### [Required action]
When you copy the material below, keep every line exact and omit the pictures.

### [Dataset content]
■ ■ ■

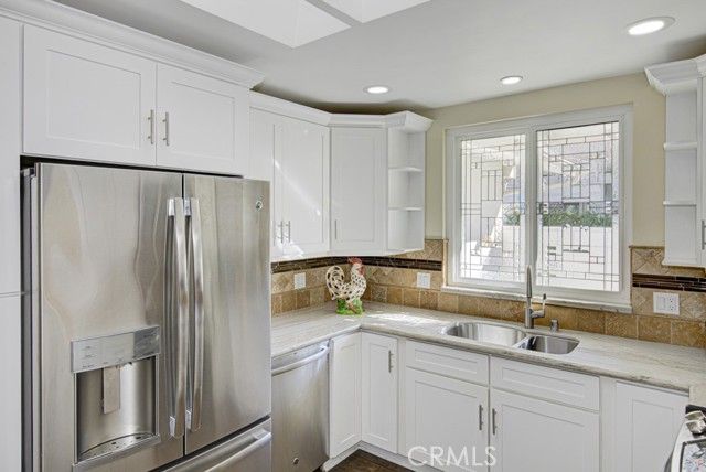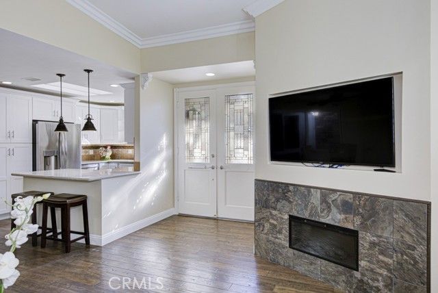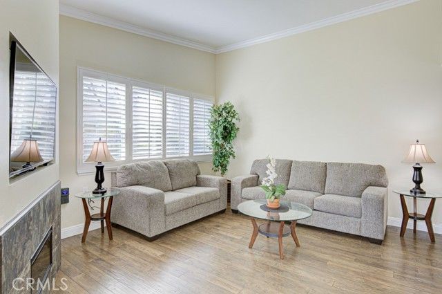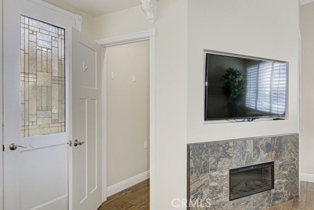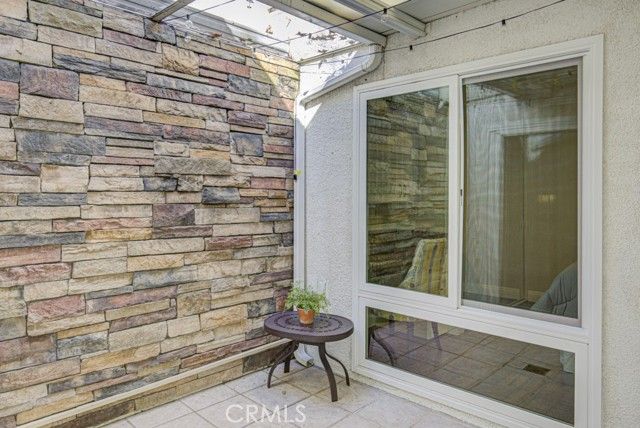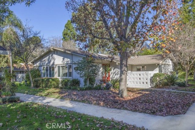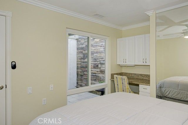 Charming cottage-style home with beautiful double leaded-glass entry doors. Light-filled living room features vaulted ceilings, plantation shutters, and a built-in electric fireplace with TV. Dining area overlooks a private atrium with stacked stone accent wall, offering peaceful breezes and indoor-outdoor living. Spacious storage closet near entry adds exceptional functionality. Updated kitchen is bright and inviting with skylight, recessed lighting, granite countertops, custom white Shaker cabinetry, stainless steel appliances, tile backsplash, and abundant storage including carousel cabinets and counter seating. Guest bedroom includes mirrored closet doors and a built-in desk overlooking the atrium. Guest bath offers custom cabinetry and a step-in tiled shower. Primary suite features floor-to-ceiling windows with plantation shutters, large mirrored closet, patio access, and ensuite bath with dual sinks and step-in shower with glass block wall. Enjoy a slate patio, serene greenbelt setting, mature trees, and charming curb appeal. Monthly HOA of $826.78 affords you the use of all the amenities that make Laguna Woods Village one of the most sought-after senior communities. Enjoy 5 swimming pools, 7 clubhouses, 3 gyms, craft studios, 2 gorgeous golf courses (27 hole & 9-hole par 3), over 250 social clubs, performing arts theater, tennis courts, equestrian trails, stable, fare free bus service, golf cart paths, manned security gates, lawn bowling, bocce ball, pickle ball & much more.
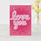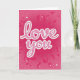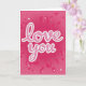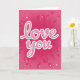 Designed with a bright pink background, this card puts the words “Love You” right in the center in big, rounded lettering. The letters have a striped pink fill, then a lighter pink outline, and a thick white edge that makes the message stand out. Behind the text, the pink backdrop shifts from darker at the top to lighter toward the bottom, with soft diagonal stripes running across it. Small white stars and tiny dots are scattered around, adding a sweet, dreamy feel. You can also see a few simple, curved shapes floating near the words, like little accents that frame the message. Overall, it feels warm, romantic, and easy to give to someone you care about 💕❤️
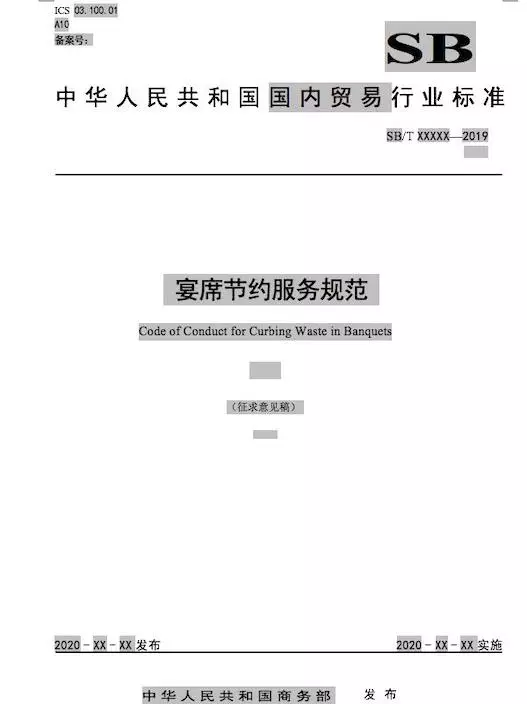 該規範規定對宴席服務「厲行節約,反對浪費」的基本規範要求,包括宴席的產品加工製作、服務理念等內容的相關標準及要求,並適用於各類大眾餐飲及中高檔餐飲服務單位,包括飯莊、酒家、酒樓、餐館(含飯店、賓館、酒店內的餐廳)等宴席服務節約的相關標準及要求。

■ ■ ■

### [Task answer]
 Charming cottage-style home with beautiful double leaded-glass entry doors. Light-filled living room features vaulted ceilings, plantation shutters, and a built-in electric fireplace with TV. Dining area overlooks a private atrium with stacked stone accent wall, offering peaceful breezes and indoor-outdoor living. Spacious storage closet near entry adds exceptional functionality. Updated kitchen is bright and inviting with skylight, recessed lighting, granite countertops, custom white Shaker cabinetry, stainless steel appliances, tile backsplash, and abundant storage including carousel cabinets and counter seating. Guest bedroom includes mirrored closet doors and a built-in desk overlooking the atrium. Guest bath offers custom cabinetry and a step-in tiled shower. Primary suite features floor-to-ceiling windows with plantation shutters, large mirrored closet, patio access, and ensuite bath with dual sinks and step-in shower with glass block wall. Enjoy a slate patio, serene greenbelt setting, mature trees, and charming curb appeal. Monthly HOA of $826.78 affords you the use of all the amenities that make Laguna Woods Village one of the most sought-after senior communities. Enjoy 5 swimming pools, 7 clubhouses, 3 gyms, craft studios, 2 gorgeous golf courses (27 hole & 9-hole par 3), over 250 social clubs, performing arts theater, tennis courts, equestrian trails, stable, fare free bus service, golf cart paths, manned security gates, lawn bowling, bocce ball, pickle ball & much more.
 Designed with a bright pink background, this card puts the words “Love You” right in the center in big, rounded lettering. The letters have a striped pink fill, then a lighter pink outline, and a thick white edge that makes the message stand out. Behind the text, the pink backdrop shifts from darker at the top to lighter toward the bottom, with soft diagonal stripes running across it. Small white stars and tiny dots are scattered around, adding a sweet, dreamy feel. You can also see a few simple, curved shapes floating near the words, like little accents that frame the message. Overall, it feels warm, romantic, and easy to give to someone you care about 💕❤️
 該規範規定對宴席服務「厲行節約,反對浪費」的基本規範要求,包括宴席的產品加工製作、服務理念等內容的相關標準及要求,並適用於各類大眾餐飲及中高檔餐飲服務單位,包括飯莊、酒家、酒樓、餐館(含飯店、賓館、酒店內的餐廳)等宴席服務節約的相關標準及要求。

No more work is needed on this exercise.